Mayol aseguró que la farmacia comunitaria debe luchar contra la despersonalización. Y recalcó que “el contacto directo entre seres humanos, como el que se produce en las farmacia, permitirá luchar contra la negación de la experiencia”. Negación que se produce frecuentemente en los sistemas sanitarios, y que nos han llevado a crear sistemas de salud con riesgo de deshumanización, añadió.
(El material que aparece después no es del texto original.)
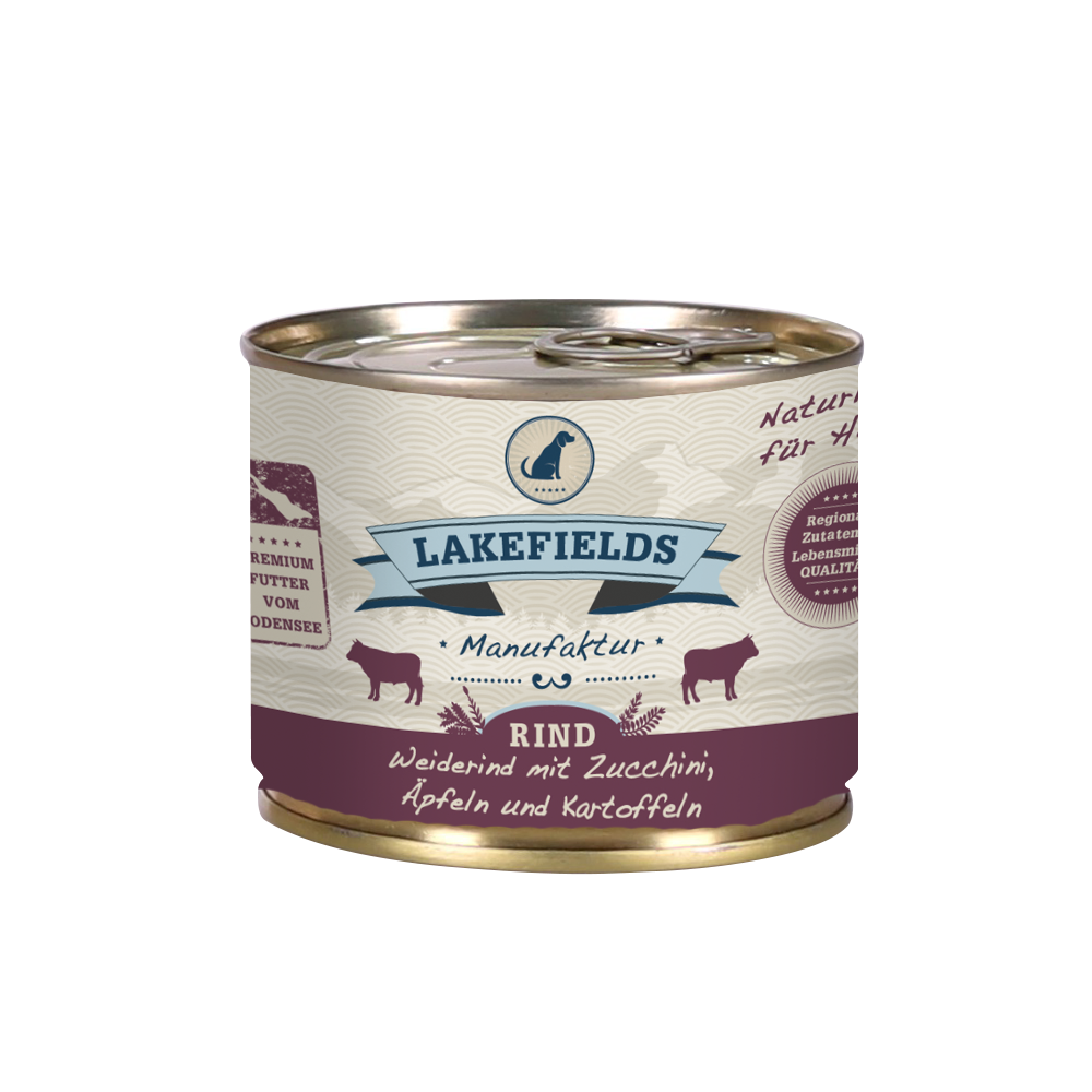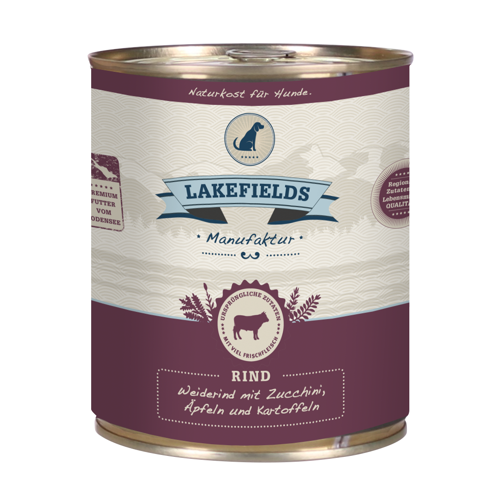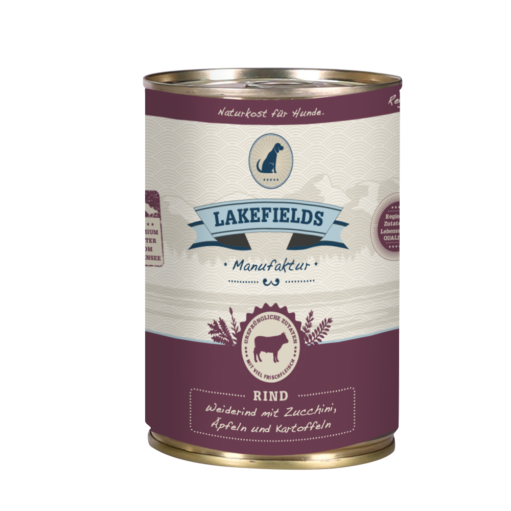 In Lakefileds Dosenfleisch-Menüs kommt das Beste, das die Region zu bieten hat: Frisches Fleisch, Gemüse und Kartoffeln aus nachhaltiger Landwirtschaft. Weitere natürliche Zutaten wie z.B. Rapsöl, Hagebutte, Leinsamen und Brennnessel runden das Menü ab. Schonend im Wasserbad gegart, entsteht eine leckere Mahlzeit für Ihren Liebling, die ihn mit allen wichtigen Vitaminen und Nährstoffen bestens versorgt.

La tecnología y los conocimientos supondrán un cambio en el modelo de prestación de servicios, pero la verdadera innovación estará en ponerlos al servicio de las personas. El análisis de comportamientos en redes sociales y la gestión de la ingente cantidad de datos de los que disponemos servirán para entender mejor las relaciones humanas y de las organizaciones.

La atención personalizada, clave

Los profesionales sanitarios se pueden ver amenazados por los avances tecnológicos que se implantan cada día, desde el aprendizaje constante de los robots y algoritmos, que en algunos casos ya son capaces de identificar enfermedades y síntomas, hasta la digitalización de la cirugía.

A pesar de ello, o precisamente debido a este feroz avance de las máquinas frente a los humanos, en la conferencia se ha apuntado que la atención personalizada es la clave para mantener la relevancia de las oficinas de farmacia. Las nuevas tecnologías permitirán al farmacéutico descargarse de tareas que no son significativas para su trabajo y liberarse para seguir aprendiendo y generando valor para el ciudadano.

En este sentido, Mayol apuntó que “el reto como profesionales es trasladar el conocimiento, que cada vez es más complejo, al punto donde el ciudadano lo necesite. Y uno de los puntos donde el ciudadano tiene más relación con el sistema es la farmacia comunitaria”.